GOOFY INSPIRES GIGGLES "It is kind of goofy looking. Can you pick up girls with this car?" ABC's Sharyn Alfonsi flirted, digital camcorder in hand, as she enjoyed a spin in a Puma USV. "Well you are here," grinned the driver. Alfonsi giggled. Puma is a two-wheeled micro-car, "the love child of Segway and General Motors." It is powered by a lithium battery, seats two with no luggage, has a top speed of 35 mph, will cost $6,000 and is planned to be on sale in four years. Being the anti-SUV, USV stands for Ultra Small Vehicle.

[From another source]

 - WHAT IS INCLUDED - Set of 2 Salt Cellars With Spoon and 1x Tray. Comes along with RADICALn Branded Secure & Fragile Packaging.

DEATH BY F-16 PLAN FAILS ABC's Ryan Owens told us the sad tale of Adam Leon, a 31-year-old mental patient from Ontario, who apparently wanted to commit suicide but did not have the courage to do it himself. His plan was to get blown out of the sky by the United States Air Force. He borrowed a Cessna and with "no flight plan, no explanation" flew across Lake Superior into US airspace. Sure enough F-16 fighter jets intercepted the small plane--but held their fire. Some five hours later, almost out of fuel, the plane touched down on a rural highway in Missouri. No harm done.
PUBLISHERS’ PUBLICITY Book promotion was on the agenda at both CBS and NBC. Amy Robach dug out Beijing Olympics archive videotape from the NBC vault to illustrate her profile of Dara Torres, the 41-year-old swimmer. Torres was ostensibly making news by announcing that her decision to retire from Olympic competition--"No this is it. This is definitely it"--was not irreversible, looking forward to London 2012. Her authentic motive for granting the interview was presumably to boost sales of her memoir Age is Just a Number.

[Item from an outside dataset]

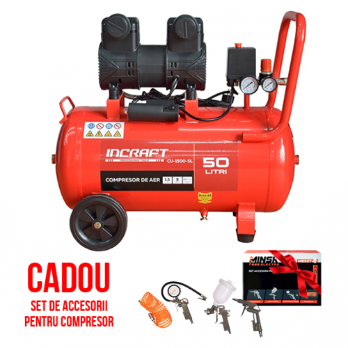 Компрессор 50л 1.5кВт, 2 цилиндра INCRAFT CU-1500-SL (безмасляный)

CBS anchor Katie Couric, who had a busy day counting the Eric Holder interview, also dug up archive videotape from NBC News as she promoted the book No Right to Remain Silent by Lucinda Roy. Professor Roy teaches English at Virginia Tech University--or she does not. Couric called her a "former professor" at the start of her report and said she "may have put her career there in jeopardy" at its conclusion. Anyway, in her book Roy recounts the contacts she made to four different campus departments registering concern about Seung-Hui Cho, the suicidal student who killed 32 others in a shooting rampage when he took his own life two years ago. After Roy's intervention, Cho received help from an off-campus mental healthcare facility and voluntarily contacted an on-campus clinic. "Records of any treatment he may have had there are missing," Couric reported. Cho went ahead with his killings anyway. The NBC footage Couric aired was a clip from the video suicide note Cho mailed to that network on the morning of the massacre.
"In nearly 25 years on the bench I have never seen anything approaching the mishandling and the misconduct that I have seen in this case." That was Judge Sullivan's rebuke as he appointed a special prosecutor to investigate whether Stevens' prosecutors had broken the law. ABC's Pierre Thomas called such an appointment "an extremely rare move" and CBS' Bob Orr called it "an extraordinary step." NBC's Pete Williams reported that the prosecution team had been accused of ten separate failures to handle evidence properly.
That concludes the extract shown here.